▶ TASK: For this listing, reproduce the line with "19日中午一到延安,熊良虎一", the line with "技能解析:每回合开始时为自身", and the lines between, exactly as they stand. Leave out pictures and all other lines.
-- Opening Marker --
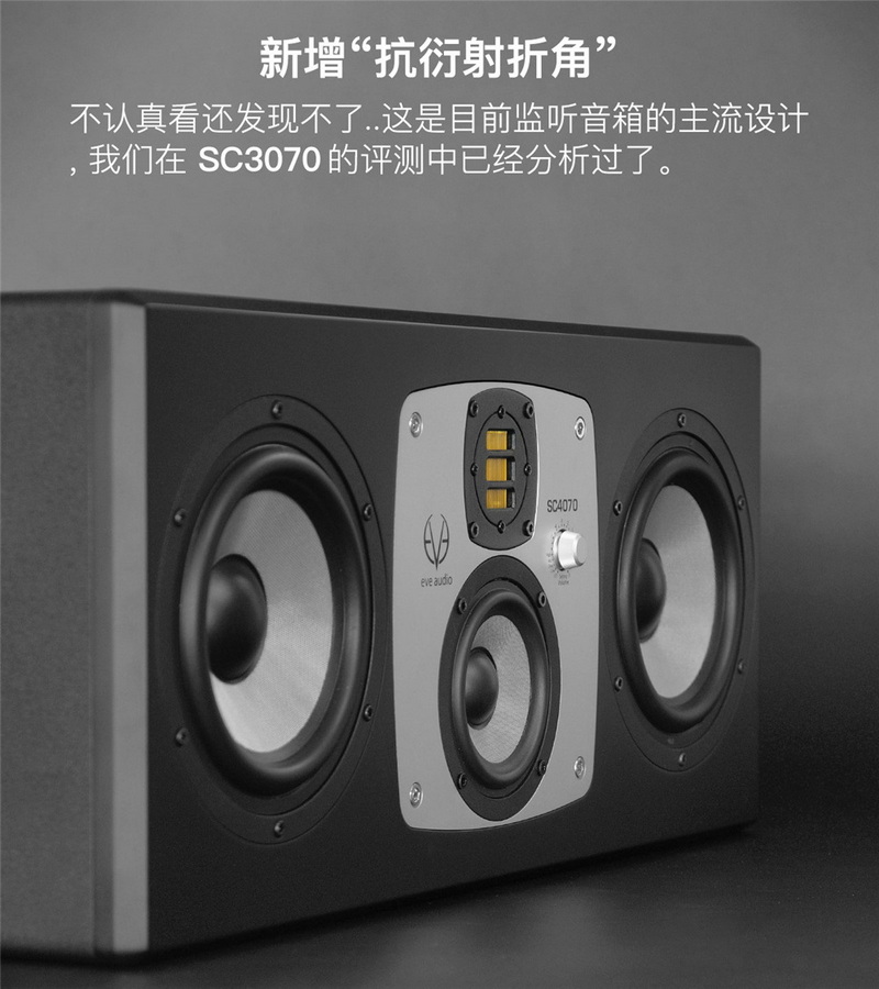 在錄音行業(yè),Main Monitor“主監(jiān)聽”通常要比 Mid-Field “中場監(jiān)聽” 有更大的聲壓和下潛,其實(shí)去年 EVE 推出的 SC3070 (評測) 就分類到主監(jiān)聽了,貌似 EVE 的“四字哥哥”都定位主監(jiān)聽。
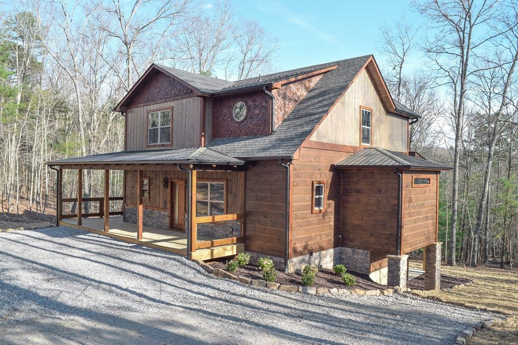 Drive through the picturesque north Georgia countryside and come home to your own personal NEW CONSTRUCTION palace in Ridge Brook Country Estates. Only MINUTES away from Blue Ridge and Blairsville, GA. Easily arrive and park in the generously wide, level parking area. Through the front door, enter into an inviting space that beholds all of the best features of a newly constructed home. MAIN LEVEL LIVING made possible with the primary bedroom, kitchen, living and laundry rooms all on the first floor! Prepare the best dishes in the finished kitchen complete with stainless steel appliances and custom built cabinetry for all of your kitchenware storage needs. Socialize and dine around the thoughtfully designed kitchen island or around a table in the adjacent dining nook. Recline and relax in the open living room graced with natural sunlight and convenient access to the covered back deck for outdoor enjoyment. Enjoy the warmth of a fire in the gas-stubbed floor to ceiling fireplace. Upstairs offers a pleasant bedroom space and full bathroom for guests. Additionally an open loft offers space for a home office or leisurely activities. Sliding barn doors allow for enhanced loft privacy when desired. Wander down to the lower level to find the ultimate space for entertaining. Set the mood with the customizable electric fireplace and tune in to your favorite shows and teams in the dedicated TV box. Always have refreshments on hand in the dual counter wet bar complete with mini-fridge and floating shelves. Further down the hall find another full bathroom and bedroom with walkout access to the lower level deck. At the end of the day retire to the comfort of the main level primary suite. Unwind in the luxury of the custom finished bathroom offering a freestanding bathtub for bathing or under the overhead rain shower head. Continue to feel at ease as you exit out onto the HEATED TILE FLOOR. The possibilities are endless and waiting for you here at Ridge Brook Country Estates.
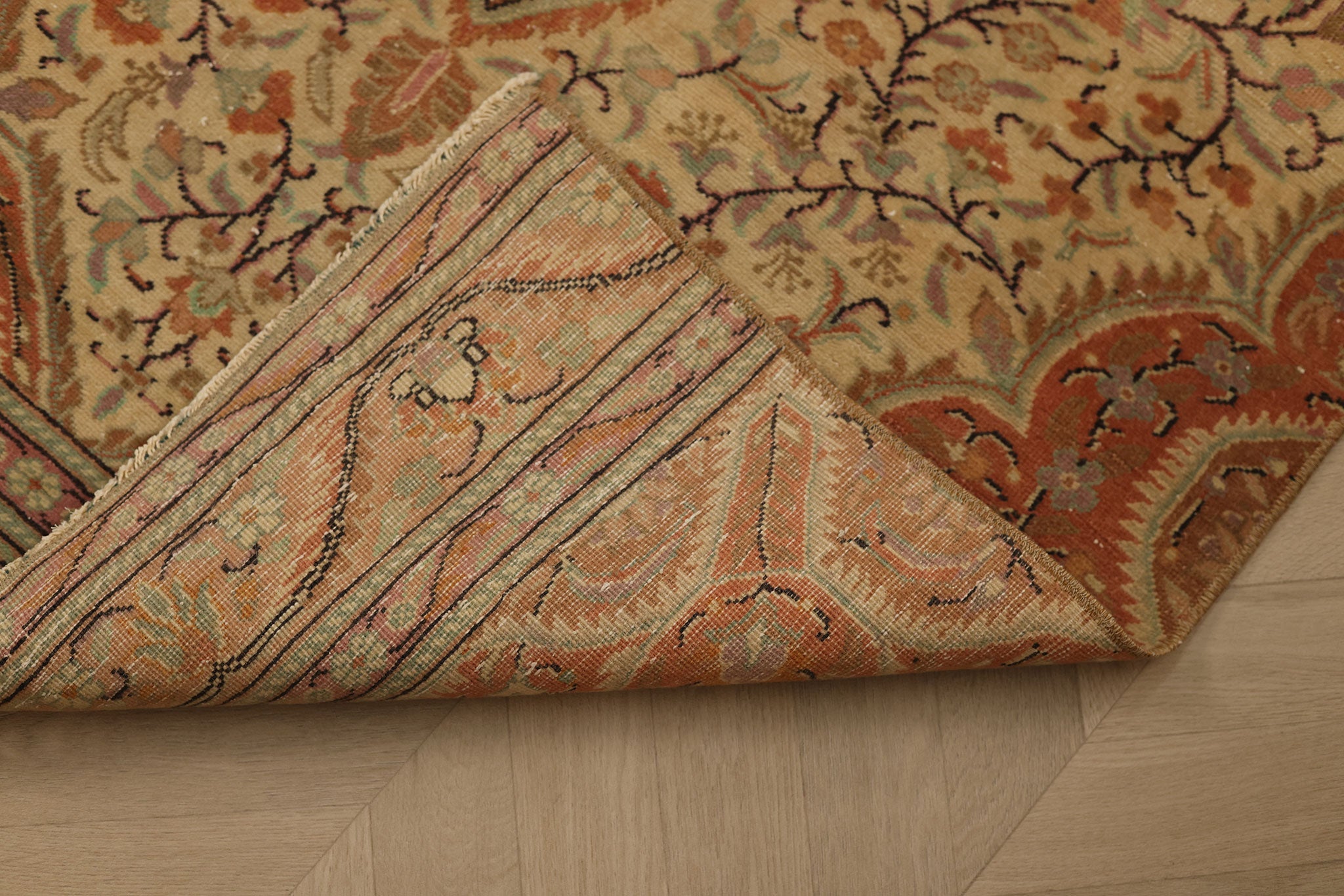 Every 3–5 years, we suggest a professional hand-wash for vintage Turkish rugs. Please avoid steam cleaning or dry cleaning, as these methods can damage natural wool fibers and vegetable dyes. A safe cleaning method involves pH-balanced soap and a soft-bristled brush, followed by gentle rinsing.
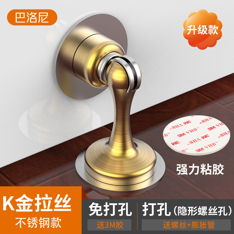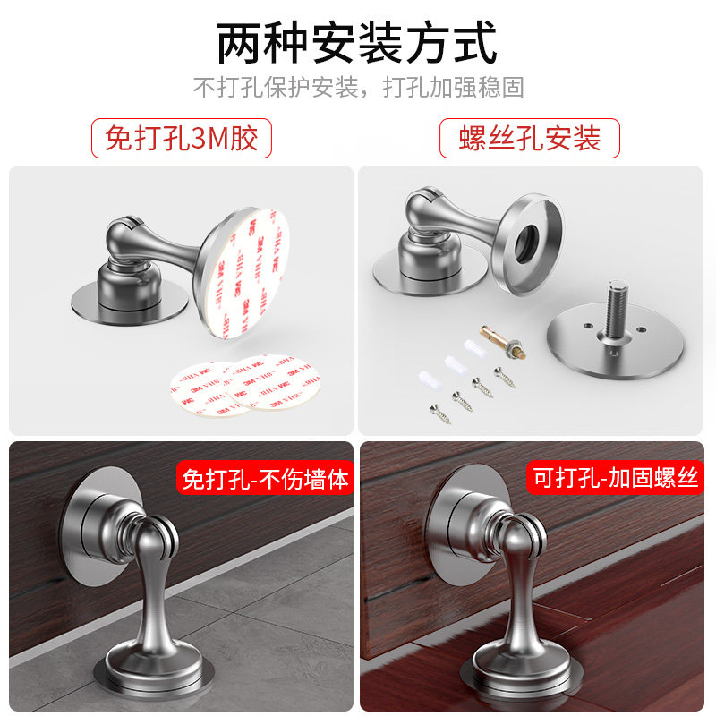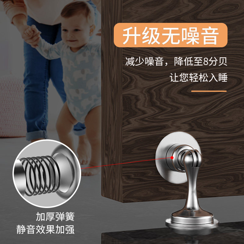 Door suction free punching door handle anti-collision household bathroom door stop stainless steel door touch strong magnetic door suction wall suction
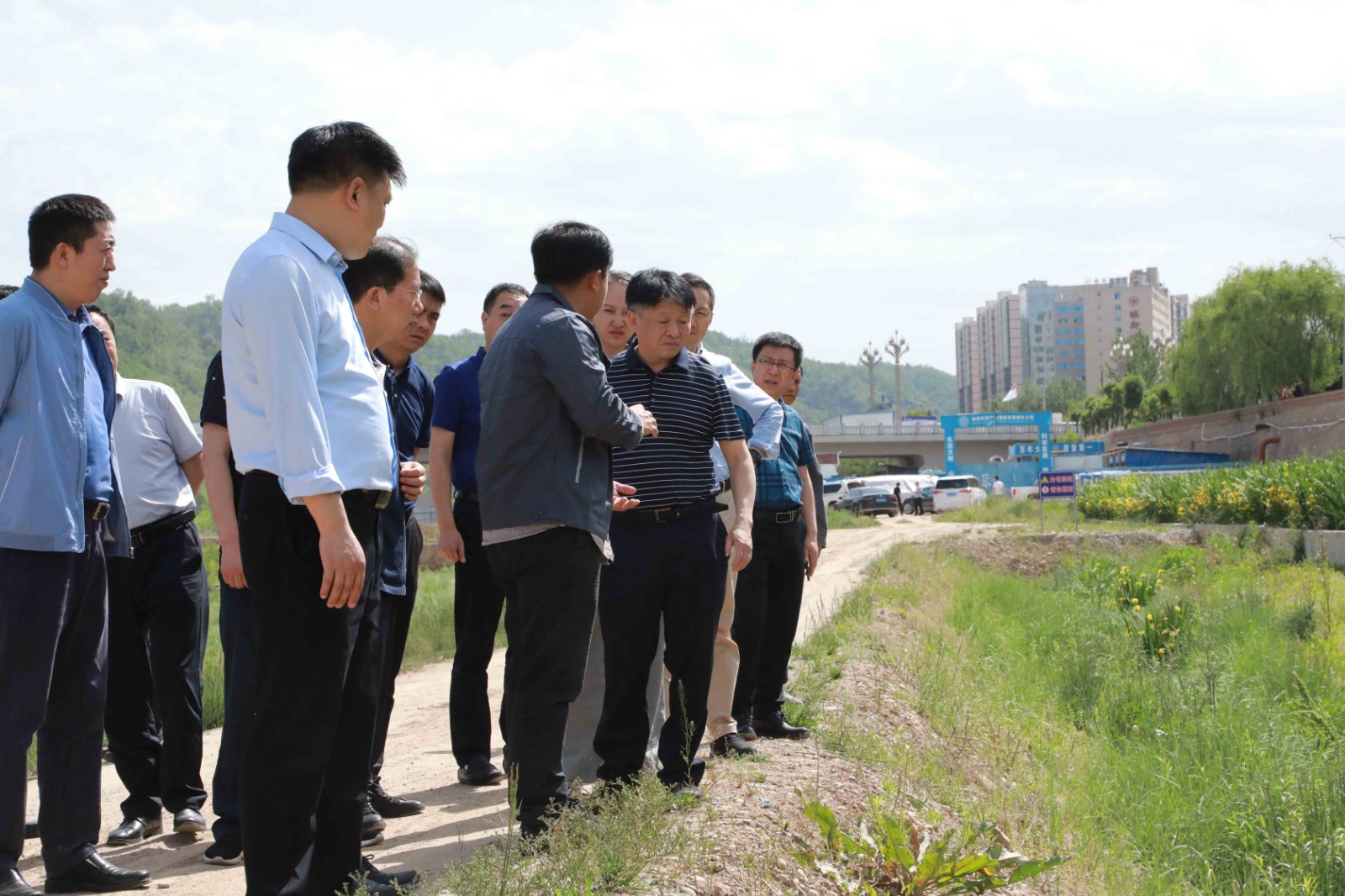 19日中午一到延安,熊良虎一行在看望慰問延安分公司干部職工后,便馬不停蹄來到生態公司延河陽柳橋至朱家溝段濕地修復工程項目,實地察看了項目施工進度、工程質量等,與施工人員就項目建設情況與市民群眾進行了深入交流。
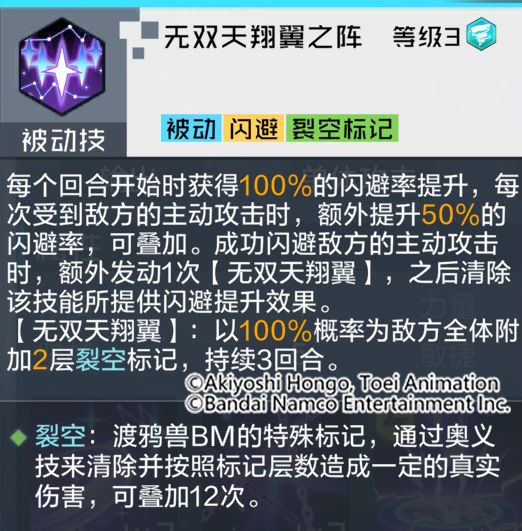 技能解析:每回合开始时为自身提供了大量闪避率,并且每次受到主动攻击都会进一步提升闪避率,成功闪避时会清除闪避提升的效果(受击可重新累积),并发动无双天翔翼对敌方全体赋予裂空标记。
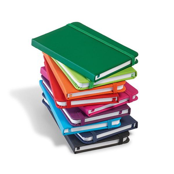 Notitieboek met een harde kaft van imitatie leder A6 formaat. Bevat 96 pagina's gelinieerd papier en is in diverse kleuren verkrijgbaar. Deze leuke en kleurrijke notitiebokjes hebben een afmeting van 9 x 14 x 1,3 cm en een gewicht van 124 gram.  Uw logo en/of reclametekst kunnen wij op de voorzijde bedrukken. Met uw logo op de kaft is dit notitieboekje een leuk relatiegeschenk. We kunnen dit artikel voor u bedrukken in 1- of meerdere drukkleuren. Voor de prijs maakt het niet uit in hoeveel kleuren uw logo gedrukt moet worden. Wanneer u bij uw bestelling dan kiest voor 1 drukkleur en de drukkleur "full-color" dan drukken wij uw logo in meerdere kleuren terwijl u slechts voor 1 drukkleur betaald.  De minimale afname is dan 50 stuks. Indien u de kleuren wilt mixen is de minimale afname per kleur 10 stuks.
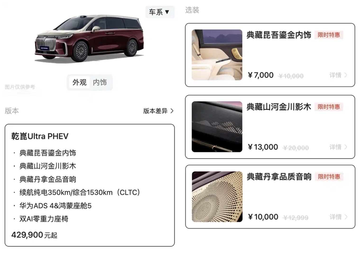 日前,買車網(wǎng)Buycar從嵐圖官方獲悉,嵐圖夢想家典藏版正式上市,售價為45.99萬元。新車基于2026款夢想家PHEV乾崑Ultra版(售42.99萬元)打造,主要針對豪華配置進行了升級。
-- Closing Marker --
▶ SOLUTION BELOW:
 19日中午一到延安,熊良虎一行在看望慰問延安分公司干部職工后,便馬不停蹄來到生態公司延河陽柳橋至朱家溝段濕地修復工程項目,實地察看了項目施工進度、工程質量等,與施工人員就項目建設情況與市民群眾進行了深入交流。
 技能解析:每回合开始时为自身提供了大量闪避率,并且每次受到主动攻击都会进一步提升闪避率,成功闪避时会清除闪避提升的效果(受击可重新累积),并发动无双天翔翼对敌方全体赋予裂空标记。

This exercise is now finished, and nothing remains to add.